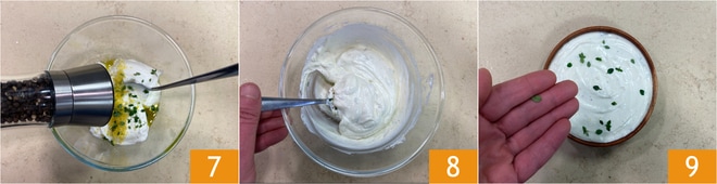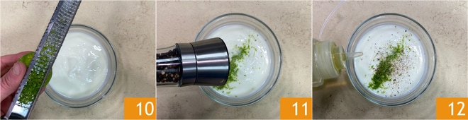 Um die weiße Joghurtsoße zuzubereiten, geben Sie den weißen Joghurt in eine Schüssel und fügen Sie die Limettenschale hinzu 10, eine Prise Pfeffer 11 und das Öl 12.
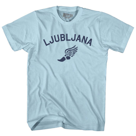 Product Story: Ljubljana Running Track Winged Foot Adult Cotton T-shirtProduct Description: Ljubljana Running Track Winged Foot Adult Cotton T-shirt Cotton Buttery Smooth Soft Material Medium Weight Tee Soft Hand Print
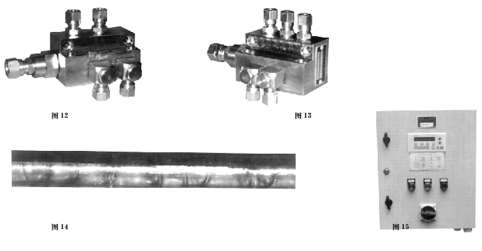图11是油气流从油气分配器入口入喷射的示意图;图12为具有4个油气出口的AJSV型Jetsplit油气分配器,这种油气分配器用于第一级油气分配;图13为具有5个油气出口的JSV型Jetsplit油气分配器,这种油气分配器用于第二级油气分配,把油气流供送至多个润滑点。
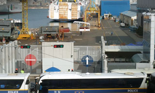 한진중공업 공장안에서 농성을 벌이던 한진중공업지회 조합원 등 6명이 경찰에 연행됐다. 이날 회사 측은 공장에 투입한 30여 명의 용역을 철수시킨...
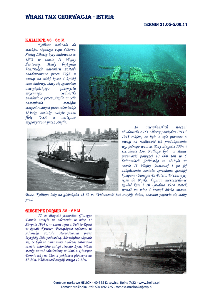 WRAKI TMX CHORWACJA - ISTRIA TeRMIn 31.05-5.06.11 KALLIOPÉ 43 - 62 m Kalliope należała do statków słynnego typu Liberty. Statki Liberty były budowane w USA w czasie II Wojny Świtowej. Miały brytyjską konstrukcję natomiast zostały zaadaptowane przez USA z uwagi na niski koszt i krótki czas budowy, stały się symbolem amerykańskiego przemysłu wojennego. Jednostki zamówione przez Anglię w celu zastąpienia statków storpedowanych przez niemieckie U-boty, zostały nabyte przez flotę USA a następnie wypożyczone przez Anglię. 18 amerykańskich stoczni zbudowało 2 751 Liberty pomiędzy 1941 i 1945 rokiem, co było o tyle prostsze z uwagi na możliwość ich produkowania wg. jednego wzorca. Przy długości 133m i szerokości 15m Kalliope był w stanie przewozić powyżej 10 000 ton w 5 ładowniach. Jednostka ta służyła w czasie II Wojny Świtowej i po jej zakończeniu została sprzedana greckiej kompani - Panagos D. Patera. W czasie jej rejsu do Rijeki, kapitan nieszczęśliwie zgubił kurs i 20 Grudnia 1974 statek wpadł na minę i utonął blisko miasta Brsec. Kalliope leży na głębokości 43-62 m. Widoczność jest zwykle dobra, czasami pojawia się słaby prąd. GIUSePPe DORMIO 56 - 62 m 72 m długości jednostka Giuseppe Dormio utonęła po uderzeniu w minę 11 Sierpnia 1944 r. w czasie rejsu z Puli to Rijeki w kanale Kvarner. Początkowo sądzono, iż jednostka została storpedowana przez brytyjską łódź podwodną. Ale wkrótce okazało się, że była to wina miny. Podczas zatonięcia sześciu członków załogi straciło życie. Wrak statku został odnaleziony w 2006 r. Giuseppe Dormio leży na 62m, z pokładem głównym na 57-58m. Widoczność zwykle osiąga 10-15m. Centrum nurkowe HELIOX - 40-555 Katowice, Rolna 7/22 - www.heliox.pl Tomasz Maślonka - tel: 504 092 725 - [email protected] ..::WRAKI TmX CHORWACJA – ISTRIA::.. VIS 45 - 65 m VIS był parowym statkiem transportowym o długości 120m, zbudowanym w Wielkiej Brytanii w 1921 r., należącym do kompanii z siedzibą w Chorwacji. Początek II Wojny Światowej zastał go na podróży przez Atlantyk i został odkomenderowany jako statek transportowy w alianckich konwojach wojennych. Po wojnie służył jako statek transportowy w Anglii, północnej Afryce oraz pływał z pomocą humanitarną do Jugosławii. W lutym 1946 płynął z Rijeki w kierunku Rasy w celu zabrania ładunku węgla. Jego droga wiodła przez stosunkowo niebezpieczny w tym okresie, kanał pomiędzy wyspami Cres i Istria, zaminowany przez miny podwodne. Wczesnym rankiem jednostka uderzyła dziobem od strony sterburty w jedną z takich min i zatonęła tylko 400m od wejścia do zatoki Plomin. Ten wrak należy do jednego z najlepiej zachowanych w Adriatyku i leży na głębokości od 47 do 63m. Z uwagi na tą lokalizację, wrak jest dostępny dla nurków posiadających sprzęt odpowiedni do wykonywania nurkowania poniżej 40m. TA 36 STeLLA POLARe 45 - 65 m Włoski niszczyciel Stella Polare został przejęty przez niemiecką marynarkę po włoskiej kapitulacji i otrzymał nazwę TA 36. Został zbudowany w Rijece, rozpoczął służbą w 1944 r. Służył jako statek eskortujący dla statków transportowych i zgarniaczy min wzdłuż brzegów Adriatyku. 18 Marca 1944 r. po błędzie nawigacji zrobionym przez kapitana, niszczyciel uderzył w stare włoskie pole minowe, kiedy próbował złożyć swoje wlane miny koło portu Brestova. Wrak Elzy w pozycji pionowej na głębokości 4565m. Przednia część statku leży ok.150m dalej od reszty wraku, jednak główna część jest prawie nienaruszona. Można spotkać tu bomby głębinowe oraz działa. Centrum nurkowe HELIOX - 40-555 Katowice, Rolna 7/22 - www.heliox.pl Tomasz Maślonka - tel: 504 092 725 - [email protected] ..::WRAKI TmX CHORWACJA – ISTRIA::.. LInA 22m -55m AOWD Włoski statek handlowy zatonął w 1912 roku podczas silnej zamieci blisko przylądka Pecenj na wyspie Cres. Z powodu trudności w nawigacji, mgły i sztormowych warunków, statek osiadł na mieliźnie i zatonął natychmiast blisko brzegu, naprzeciw lądu. Jego dziób leży na głębokości 28m, podczas gdy rufa na 55m. Kadłub ma 70m długości i maksymalnej szerokości pokładu 9m. Jest zachowany w dobrym stanie, prócz drewnianego pokładu który uległ całkowitemu spróchnieniu co pozwala na ujrzenie pojemności ładowni. Z powodu głębokości jest on polecany doświadczonym nurkom, jednakże z powodu bardzo dobrej widoczności, jest dostępny do obejrzenia przez początkujących z bezpiecznej odległości. Centrum nurkowe HELIOX - 40-555 Katowice, Rolna 7/22 - www.heliox.pl Tomasz Maślonka - tel: 504 092 725 - [email protected]
▬▬▬▬▬▬▬▬▬▬
◆ TASK TO CARRY OUT
Every entry above needs to be copied exactly, apart from its pictures.

◆ ANSWER TO THIS EXERCISE
 Um die weiße Joghurtsoße zuzubereiten, geben Sie den weißen Joghurt in eine Schüssel und fügen Sie die Limettenschale hinzu 10, eine Prise Pfeffer 11 und das Öl 12.
 Product Story: Ljubljana Running Track Winged Foot Adult Cotton T-shirtProduct Description: Ljubljana Running Track Winged Foot Adult Cotton T-shirt Cotton Buttery Smooth Soft Material Medium Weight Tee Soft Hand Print
图11是油气流从油气分配器入口入喷射的示意图;图12为具有4个油气出口的AJSV型Jetsplit油气分配器,这种油气分配器用于第一级油气分配;图13为具有5个油气出口的JSV型Jetsplit油气分配器,这种油气分配器用于第二级油气分配,把油气流供送至多个润滑点。
 한진중공업 공장안에서 농성을 벌이던 한진중공업지회 조합원 등 6명이 경찰에 연행됐다. 이날 회사 측은 공장에 투입한 30여 명의 용역을 철수시킨...
 WRAKI TMX CHORWACJA - ISTRIA TeRMIn 31.05-5.06.11 KALLIOPÉ 43 - 62 m Kalliope należała do statków słynnego typu Liberty. Statki Liberty były budowane w USA w czasie II Wojny Świtowej. Miały brytyjską konstrukcję natomiast zostały zaadaptowane przez USA z uwagi na niski koszt i krótki czas budowy, stały się symbolem amerykańskiego przemysłu wojennego. Jednostki zamówione przez Anglię w celu zastąpienia statków storpedowanych przez niemieckie U-boty, zostały nabyte przez flotę USA a następnie wypożyczone przez Anglię. 18 amerykańskich stoczni zbudowało 2 751 Liberty pomiędzy 1941 i 1945 rokiem, co było o tyle prostsze z uwagi na możliwość ich produkowania wg. jednego wzorca. Przy długości 133m i szerokości 15m Kalliope był w stanie przewozić powyżej 10 000 ton w 5 ładowniach. Jednostka ta służyła w czasie II Wojny Świtowej i po jej zakończeniu została sprzedana greckiej kompani - Panagos D. Patera. W czasie jej rejsu do Rijeki, kapitan nieszczęśliwie zgubił kurs i 20 Grudnia 1974 statek wpadł na minę i utonął blisko miasta Brsec. Kalliope leży na głębokości 43-62 m. Widoczność jest zwykle dobra, czasami pojawia się słaby prąd. GIUSePPe DORMIO 56 - 62 m 72 m długości jednostka Giuseppe Dormio utonęła po uderzeniu w minę 11 Sierpnia 1944 r. w czasie rejsu z Puli to Rijeki w kanale Kvarner. Początkowo sądzono, iż jednostka została storpedowana przez brytyjską łódź podwodną. Ale wkrótce okazało się, że była to wina miny. Podczas zatonięcia sześciu członków załogi straciło życie. Wrak statku został odnaleziony w 2006 r. Giuseppe Dormio leży na 62m, z pokładem głównym na 57-58m. Widoczność zwykle osiąga 10-15m. Centrum nurkowe HELIOX - 40-555 Katowice, Rolna 7/22 - www.heliox.pl Tomasz Maślonka - tel: 504 092 725 - [email protected] ..::WRAKI TmX CHORWACJA – ISTRIA::.. VIS 45 - 65 m VIS był parowym statkiem transportowym o długości 120m, zbudowanym w Wielkiej Brytanii w 1921 r., należącym do kompanii z siedzibą w Chorwacji. Początek II Wojny Światowej zastał go na podróży przez Atlantyk i został odkomenderowany jako statek transportowy w alianckich konwojach wojennych. Po wojnie służył jako statek transportowy w Anglii, północnej Afryce oraz pływał z pomocą humanitarną do Jugosławii. W lutym 1946 płynął z Rijeki w kierunku Rasy w celu zabrania ładunku węgla. Jego droga wiodła przez stosunkowo niebezpieczny w tym okresie, kanał pomiędzy wyspami Cres i Istria, zaminowany przez miny podwodne. Wczesnym rankiem jednostka uderzyła dziobem od strony sterburty w jedną z takich min i zatonęła tylko 400m od wejścia do zatoki Plomin. Ten wrak należy do jednego z najlepiej zachowanych w Adriatyku i leży na głębokości od 47 do 63m. Z uwagi na tą lokalizację, wrak jest dostępny dla nurków posiadających sprzęt odpowiedni do wykonywania nurkowania poniżej 40m. TA 36 STeLLA POLARe 45 - 65 m Włoski niszczyciel Stella Polare został przejęty przez niemiecką marynarkę po włoskiej kapitulacji i otrzymał nazwę TA 36. Został zbudowany w Rijece, rozpoczął służbą w 1944 r. Służył jako statek eskortujący dla statków transportowych i zgarniaczy min wzdłuż brzegów Adriatyku. 18 Marca 1944 r. po błędzie nawigacji zrobionym przez kapitana, niszczyciel uderzył w stare włoskie pole minowe, kiedy próbował złożyć swoje wlane miny koło portu Brestova. Wrak Elzy w pozycji pionowej na głębokości 4565m. Przednia część statku leży ok.150m dalej od reszty wraku, jednak główna część jest prawie nienaruszona. Można spotkać tu bomby głębinowe oraz działa. Centrum nurkowe HELIOX - 40-555 Katowice, Rolna 7/22 - www.heliox.pl Tomasz Maślonka - tel: 504 092 725 - [email protected] ..::WRAKI TmX CHORWACJA – ISTRIA::.. LInA 22m -55m AOWD Włoski statek handlowy zatonął w 1912 roku podczas silnej zamieci blisko przylądka Pecenj na wyspie Cres. Z powodu trudności w nawigacji, mgły i sztormowych warunków, statek osiadł na mieliźnie i zatonął natychmiast blisko brzegu, naprzeciw lądu. Jego dziób leży na głębokości 28m, podczas gdy rufa na 55m. Kadłub ma 70m długości i maksymalnej szerokości pokładu 9m. Jest zachowany w dobrym stanie, prócz drewnianego pokładu który uległ całkowitemu spróchnieniu co pozwala na ujrzenie pojemności ładowni. Z powodu głębokości jest on polecany doświadczonym nurkom, jednakże z powodu bardzo dobrej widoczności, jest dostępny do obejrzenia przez początkujących z bezpiecznej odległości. Centrum nurkowe HELIOX - 40-555 Katowice, Rolna 7/22 - www.heliox.pl Tomasz Maślonka - tel: 504 092 725 - [email protected]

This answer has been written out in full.